[Problem requirements]
What you write should match, word for word, the lines from the one containing "原発なしで暮らしたい丹波の会等のチラシより" through the end of the data, with no pictures.
[[ Records to use, beginning ]]
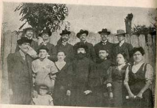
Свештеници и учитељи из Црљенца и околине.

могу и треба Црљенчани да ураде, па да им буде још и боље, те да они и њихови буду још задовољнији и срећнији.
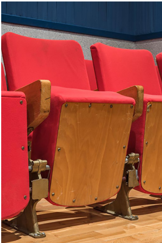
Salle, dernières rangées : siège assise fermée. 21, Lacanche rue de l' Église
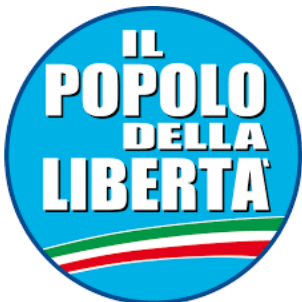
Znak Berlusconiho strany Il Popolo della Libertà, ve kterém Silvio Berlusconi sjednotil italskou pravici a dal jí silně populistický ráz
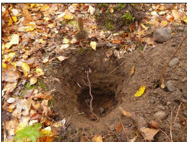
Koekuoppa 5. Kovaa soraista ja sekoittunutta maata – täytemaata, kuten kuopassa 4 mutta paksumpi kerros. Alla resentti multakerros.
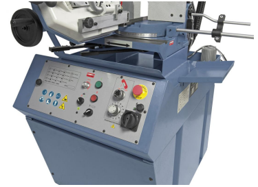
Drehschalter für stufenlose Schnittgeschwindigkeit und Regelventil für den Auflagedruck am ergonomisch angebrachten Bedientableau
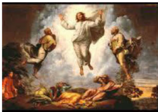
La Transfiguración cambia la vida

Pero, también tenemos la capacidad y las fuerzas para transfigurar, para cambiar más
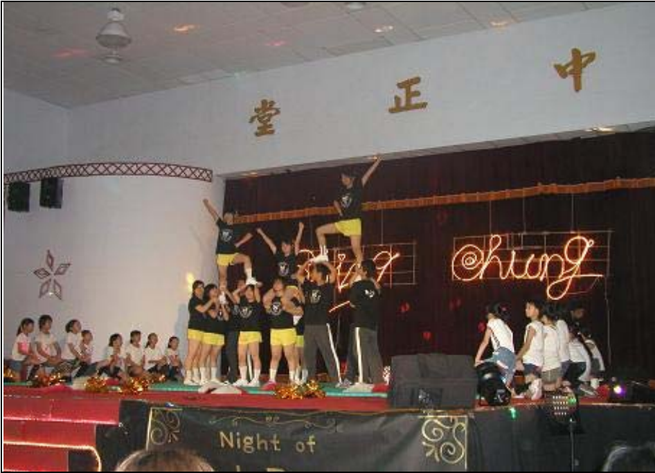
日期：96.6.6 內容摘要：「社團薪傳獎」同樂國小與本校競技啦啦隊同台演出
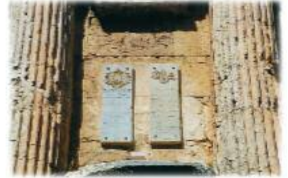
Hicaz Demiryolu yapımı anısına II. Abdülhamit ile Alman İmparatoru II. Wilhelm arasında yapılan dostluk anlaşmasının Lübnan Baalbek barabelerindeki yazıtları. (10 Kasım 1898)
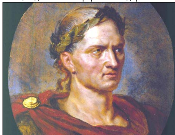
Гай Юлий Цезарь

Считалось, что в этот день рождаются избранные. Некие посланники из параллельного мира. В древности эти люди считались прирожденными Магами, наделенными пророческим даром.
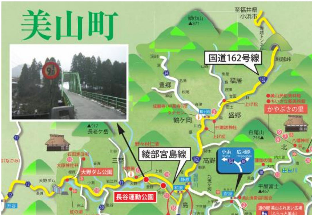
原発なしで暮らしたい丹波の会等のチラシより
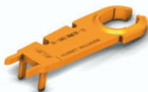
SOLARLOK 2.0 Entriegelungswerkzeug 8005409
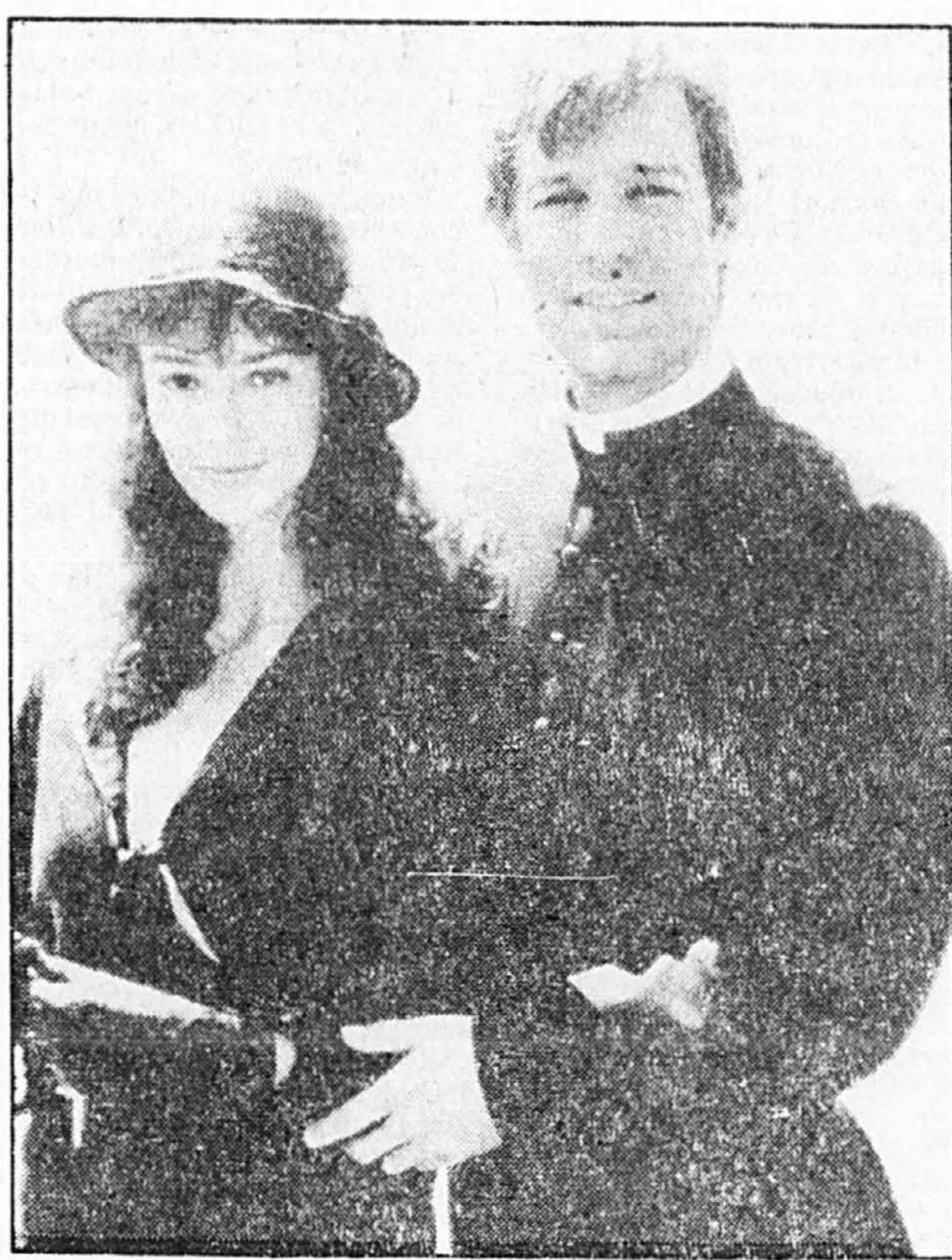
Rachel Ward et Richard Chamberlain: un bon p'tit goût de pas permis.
[[ Records to use, end ]]
[Output]
原発なしで暮らしたい丹波の会等のチラシより
SOLARLOK 2.0 Entriegelungswerkzeug 8005409
Rachel Ward et Richard Chamberlain: un bon p'tit goût de pas permis.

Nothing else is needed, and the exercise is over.